Results: Three hundred fifty-two cases of PE were detected by both methods, with the same sensitivity of 98.1% (99.6–99.5%). Using SP-CTPA, 142 cases [13 pulmonary insufficiency artifacts (PIA) and 129 systemic-pulmonary shunt artifacts (S-PSA)] were false-positive with specificity of 78.5% (75.3–81.6%). No false-positive was found with DP-CTPA, with specificity of 100%, positive predictive value of 1, and negative predictive value of 0.990 (Net Reclassification Improvement = 0.215; P < 0.05). According to FCD, the positive results of SP-CTPA were divided into PIA, S-PSA, and true-positive (TP_SP−CTPA) groups, and pairwise comparisons were performed. The bronchiectasis and hemoptysis rate in S-PSA group was higher than that in PIA and TP groups (P < 0.001), and the pulmonary hypertension (PH) rate in PIA group was higher than that in S-PSA and TP groups (P < 0.001).

Conclusion: The diagnostic efficiency of DP-CTPA for the diagnosis of PE was high. SP-CTPA may misdiagnose PIA (common in patients with PH) and S-PSA (common in patients with bronchiectasis and hemoptysis) as PE.

Introduction

Pulmonary embolism (PE) is a common and potentially fatal disorder (1–4). PE is one of the major causes of cardiovascular mortality in the United States, accounting for more than 250,000 deaths per year (5). The diagnosis of PE is liable to be missed owing to the non-specific clinical presentation. According to an epidemiological model, in the six European countries with a combined population of 454.4 million in 2004, there were more than 317,000 deaths related to PE, of which sudden fatal PE accounted for 34%; 9% of these cases were not diagnosed before death, and only 7% cases of early deaths were diagnosed before death (6). In a study, a delay (>1.5 h) in the direct communication of an acute PE diagnosis showed a significant correlation with delayed initiation of treatment and higher risk of death within 30 days (7).
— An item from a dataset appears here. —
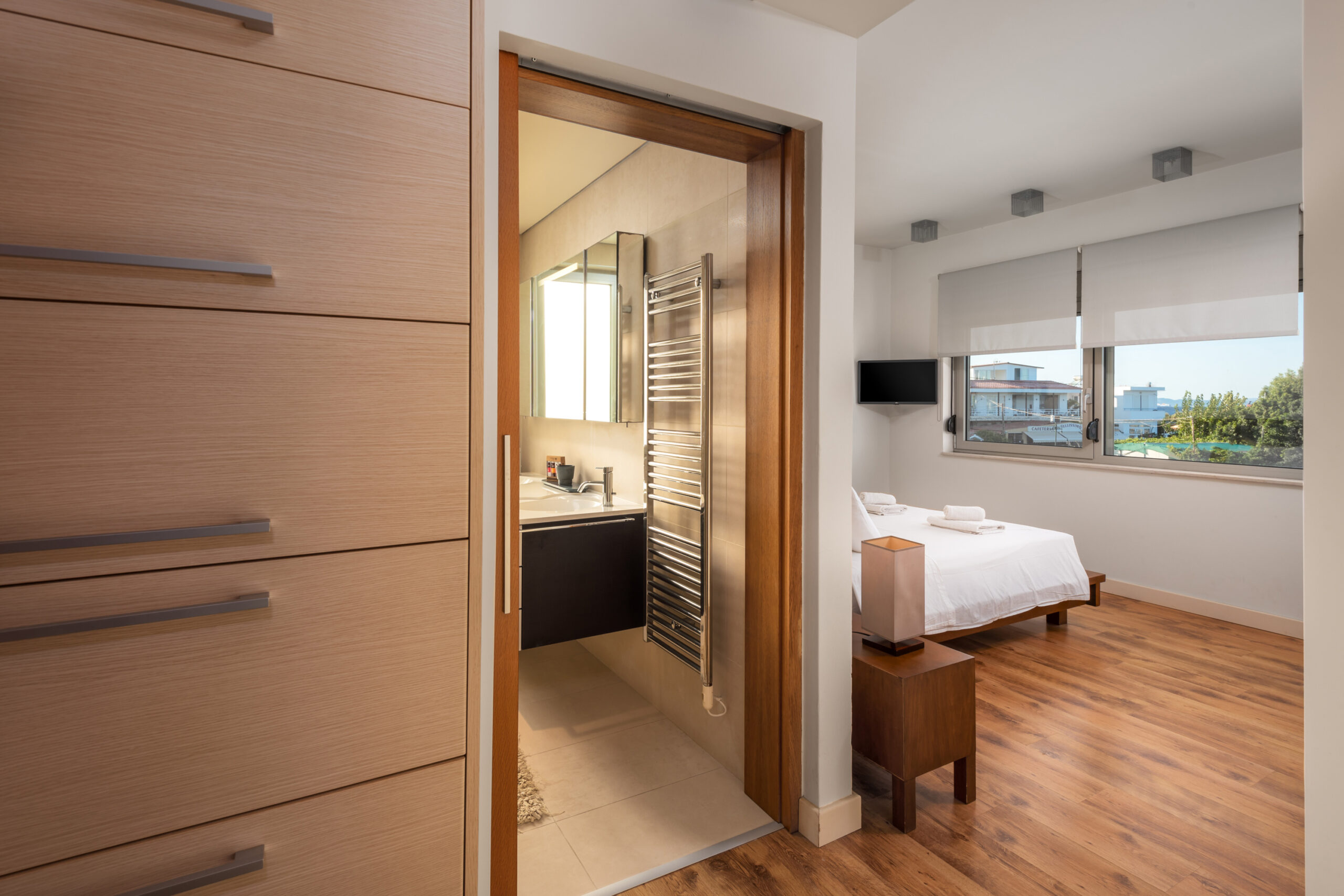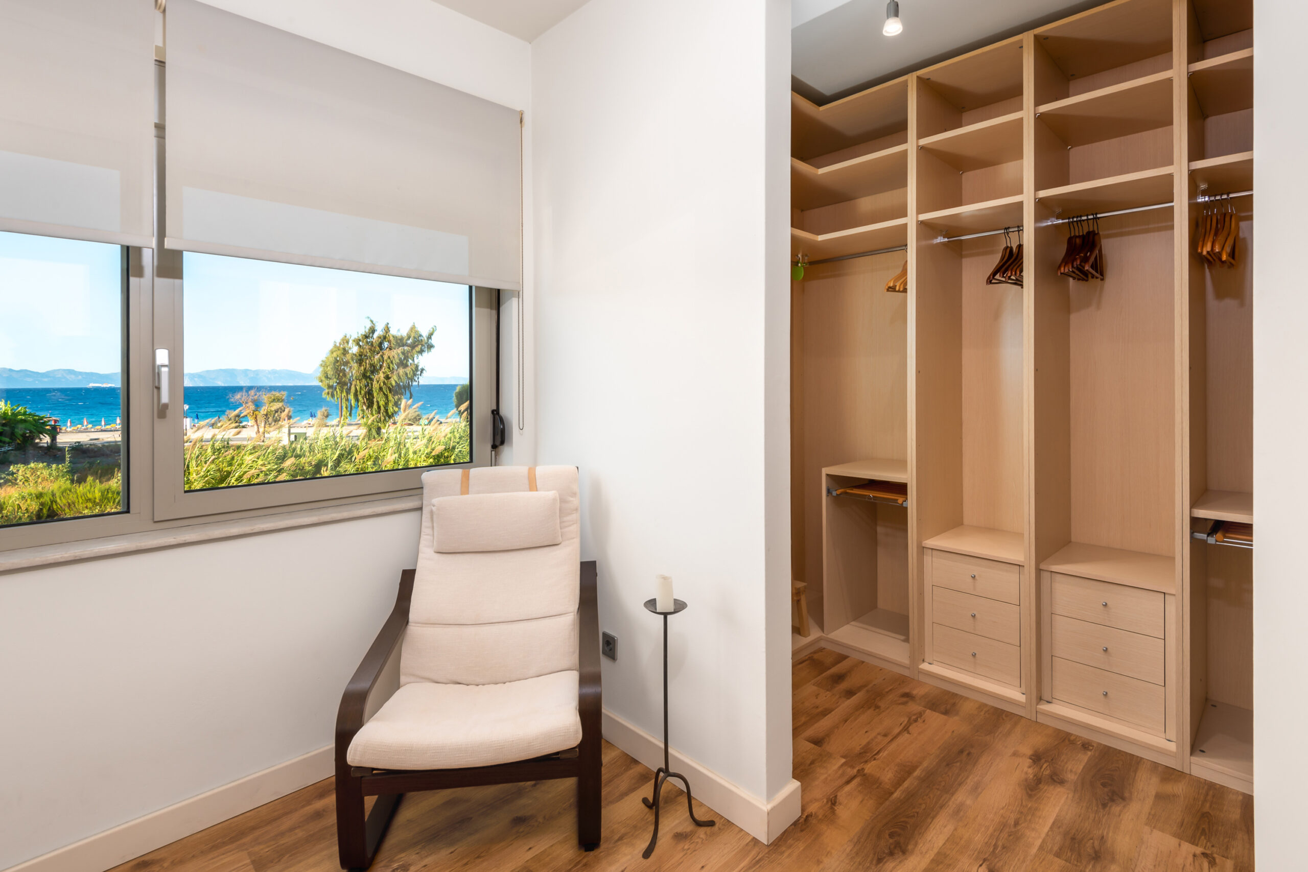 Read More about the rooms and layoutAll 3 bedrooms are located on the first floor with the master bedroom offering a queen size bed, a great view to the sea, a smart TV, a walk-in wardrobe and an en-suite bathroom with an enclosed shower cabin.

Thus, timely diagnosis is very important for the clinical treatment of patients with PE. Computed tomography pulmonary angiography (CTPA) is the first choice for the diagnosis of pulmonary embolism (8–10). Currently, both single phase CTPA (SP-CTPA) and dual phase CTPA (DP-CTPA) are used in clinical settings. Compared with DP-CTPA, SP-CTPA is widely used in general hospitals because of its relatively simple operation and low radiation dose (11). DP-CTPA is adopted by some cardiovascular specialist medical centers because the comparative observation of pulmonary circulation and systemic circulation can help avoid false-positive diagnosis of PE, as SP-CTPA only captures the pulmonary artery images quickly (12). The efficacy and applicability of both methods in the diagnosis of PE have not been reported. In this study, we compared the diagnostic efficacy of SP-CTPA and DP-CTPA in the diagnosis of PE, so that the appropriate method can be chosen in clinical work.

Materials and Methods

Patient Population and Sample Size Calculation

In the early stage of the study, we assessed the difference between SP-CTPA and DP-CTPA in the diagnosis of PE through a preliminary study. Based on the findings, a sample size of 979 was calculated using the software Power Analysis and Sample Size version 11.0 (PASS 11.0). We recruited 1,133 consecutive patients who underwent DP-CTPA (phase I: pulmonary artery phase; phase II: aortic phase) due to clinical suspicion of PE at our hospital between January 2021 and October 2021. The exclusion criteria were: (1) patients without complete data (n = 85);(b) image quality of DP-CTPA did not meet the diagnostic requirements (n = 29). Images and data of 1,019 DP-CTPA were included in the final analysis. According to FCD, 359 patients had PE and 660 patients did not have PE (Figure 1). FCD is the final diagnosis obtained after comprehensive examination (including clinical physical examination, laboratory examination, and imaging examination) to identify diseases with similar presentation and after treatment verification. In this study, patients with a FCD of PE were those in whom diseases with similar presentation were excluded based on comprehensive examination and effectiveness of PE treatment (anticoagulation or thrombolysis or pulmonary endarterectomy). Patients without a FCD of PE were those who had other causes of their clinical symptoms, such as pleurisy, acute coronary syndrome, acute aortic syndrome, lung cancer, etc. Patients who did not receive further treatment at our hospital after DP-CTPA or whose etiology was not clear due to lack of complete data were excluded from the study.

FIGURE 1

Figure 1. Schematic illustration of the study protocol. We recruited 1,019 consecutive patients with suspected pulmonary embolism (PE) who underwent dual phase computed tomography pulmonary angiogram (DP-CTPA, phase I: pulmonary artery phase; phase II: aortic phase) according to the inclusion and exclusion criteria. Phase I DP-CTPA images of all patients were used as the single phase-computed tomography pulmonary angiography (SP-CTPA) group. Images of SP-CTPA group were independently analyzed and diagnosed by two experienced radiologists (A and B). Consistency test of diagnostic results of the two radiologists was performed. After an interval of 1 week, the two radiologists analyzed the DP-CTPA group following the same process. The diagnostic efficacy of SP-CTPA and DP-CTPA for the diagnosis of PE was compared using the final clinical diagnosis (FCD) as reference.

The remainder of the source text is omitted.